Debra Craine
Attend an evening with Andre Agassi

If you’ve got it, flaunt it. At least that’s what the Royal Ballet is doing with its three-year-old Sleeping Beauty staging. There are almost two dozen performances of it scheduled in the current run, and who can blame them? This is an enchanting and magnificent production that honours the work’s 19th-century Russian roots along with its special place in postwar British ballet.
It may be the most sumptuous fairytale you have ever seen. The stunning vision of Petipa’s haut-classical choreography is matched by the glowing spectacle of Oliver Messel’s original 1946 designs (The Sleeping Beauty reopened the Royal Opera House after the Second World War, a blaze of opulence at a time of austerity). And though Peter Farmer’s new costumes are so pale they look in need of a blood transfusion, it’s the full visual panoply that astounds.
The production, staged by Monica Mason and Christopher Newton (after Ninette de Valois and Nicholas Sergeyev), moves beautifully, a vibrant, exhilarating, deliriously classical feast for corps de ballet, soloists and principals alike.
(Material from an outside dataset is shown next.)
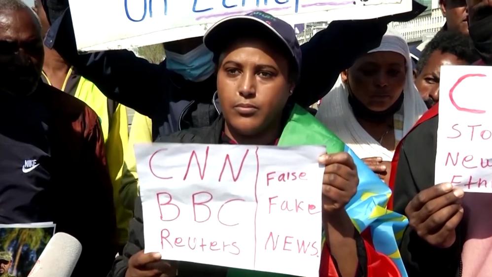 示威者稱,試圖摧毀埃塞的行為永遠不會成功。報道視頻截圖 25日,數十名抗議者又帶著憤怒來到當地美國大使館,高舉寫有“干涉是不民主的”和“真相獲勝”的橫幅。 在被要求置評時,美國大使館一名官員辯解稱,海外美國公民的安全是美國務院的最高優先事項之一,華盛頓持續敦促在埃塞的美國公民乘坐商業航班離開。 路透社同時援引埃塞官方媒體說,英國大使館外也發生了抗議活動。24日,英國也要求其公民立即離開埃塞。 今年6月起,埃塞內戰形勢反轉,特別是11月以來,反政府武裝不斷推進,對外放話可能在“幾個月甚至幾周內”攻占首都亞的斯亞貝巴,埃塞政府已宣佈國家進入緊急狀態。 美國政府此前一直希望雙方“無條件停火”,甚至在月初派駐非洲之角特使傑弗里·費爾特曼(Jeffrey Feltman)趕赴當地斡旋。但隨著戰爭繼續,目前不但費爾特曼已經返回美國,美國、法國等也敦促本國公民立即撤離。 綜合路透社和埃塞官方Fana廣播公司11月24日報道,面對已經兵臨首都的“提格雷人民陣線”(下簡稱提人陣)武裝勢力,埃塞政府總理阿比·艾哈邁德已經前往一線戰鬥,另有兩名奧運獎牌得主宣佈將入伍。 另有消息稱,包括美國和英國在內,幾名西方國家的外交官已在上周與“提人陣”特使交流,提出希望“提人陣”勝利的同時,也表達了支持建立新政府的意願。

And when you have the Russian conductor Valeriy Ovsyanikov in the pit, the music soars. He mines Tchaikovsky’s great score for every ounce of sweeping grandeur and dramatic expectation.
Our first night Aurora was Sarah Lamb, here returning to a starring role after almost a year off due to injury. Her fans were out in force, showering the stage with flowers as she took her curtain call. Lamb’s first entrance had been a little tentative, as if her teenage princess wasn’t quite sure why all these fabulous people were gathered together in her honour. But Lamb quickly dispelled any doubts as she took up the challenge of the Rose Adagio, delivering Aurora’s famous balances so slowly that the orchestra almost ran out of music. Her subsequent solo was gentle and very girlish; her Vision Scene was full of creamy textures; her Grand Pas elegant and commanding.
Ivan Putrov was her Prince, and rather a haughty one at that, though when he was confronted by the sleeping Aurora he very sweetly worked out that the way to wake her was with a kiss. His own dancing flowed with assurance. As the Lilac Fairy, Marianela Nuñez was the heart of the ballet, the fairy godmother whose beneficent power can overturn the evil curse that sends Aurora to sleep for a hundred years (as long as the right man comes along, of course). Nuñez is a generous and happy dancer who transmits these qualities in a way no other ballerina can; her Lilac shimmered over the entire production. Genesia Rosato was incredibly glamorous as the wicked witch Carabosse, while Laura Morera (with help from Steven McRae) managed to make the Bluebird variation a proper little ballet all its own.